Given data.
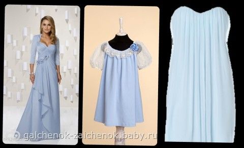 Я вам даю картинку длинного платья, а вы должны подобрать ещё 2 картинки максимально подходящего по ткани и фасону варианты перешитых платья.
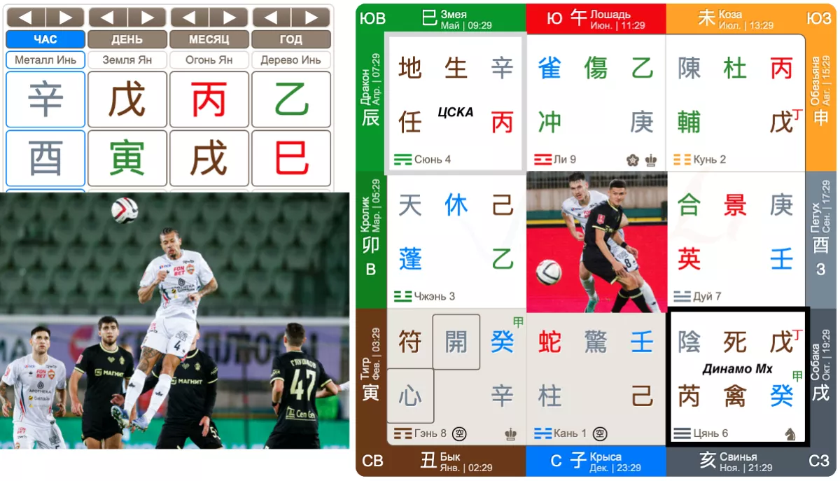 НС дня , представляющий команду хозяев - Динамо. опустился во дворец Цянь. Дворец по сезону силен. А вот команда , находящаяся на низких фазах, явно не будет блистать энергичностью. Структуры, ,  ,  - оставляют желать лучшего. Врата  Смерти не прибавляют хозяевам драйва и стремления к победе. Звезда Тянь Жуй явно дает понять, что ошибок не избежать в данном матче. Да и дух Тай Инь явно в таком окружении не будет помогать своим подопечным. Но тут есть Путешествующая лошадь, которая явно что-то принесет динамовцам в этой игре. Посмотрим.
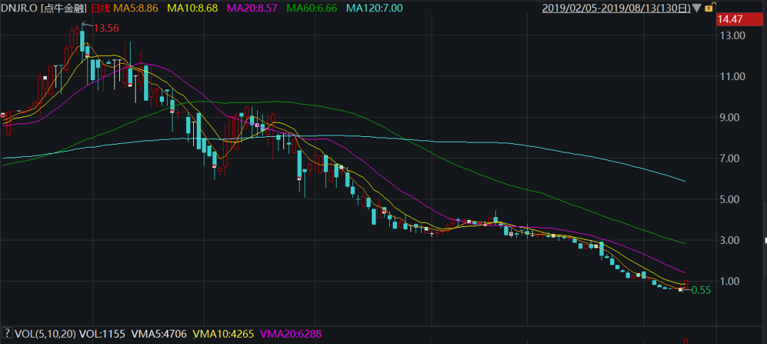 两年后,点牛金融的股价已经从今年2月时的最高13.56美元一路跌至1.02美元,暴跌近92%,市值仅剩下1500万美元(约合1.05亿元人民币)。

Task details. Return every line above exactly, omitting images.

Answer for the task.
 Я вам даю картинку длинного платья, а вы должны подобрать ещё 2 картинки максимально подходящего по ткани и фасону варианты перешитых платья.
 НС дня , представляющий команду хозяев - Динамо. опустился во дворец Цянь. Дворец по сезону силен. А вот команда , находящаяся на низких фазах, явно не будет блистать энергичностью. Структуры, ,  ,  - оставляют желать лучшего. Врата  Смерти не прибавляют хозяевам драйва и стремления к победе. Звезда Тянь Жуй явно дает понять, что ошибок не избежать в данном матче. Да и дух Тай Инь явно в таком окружении не будет помогать своим подопечным. Но тут есть Путешествующая лошадь, которая явно что-то принесет динамовцам в этой игре. Посмотрим.
 两年后,点牛金融的股价已经从今年2月时的最高13.56美元一路跌至1.02美元,暴跌近92%,市值仅剩下1500万美元(约合1.05亿元人民币)。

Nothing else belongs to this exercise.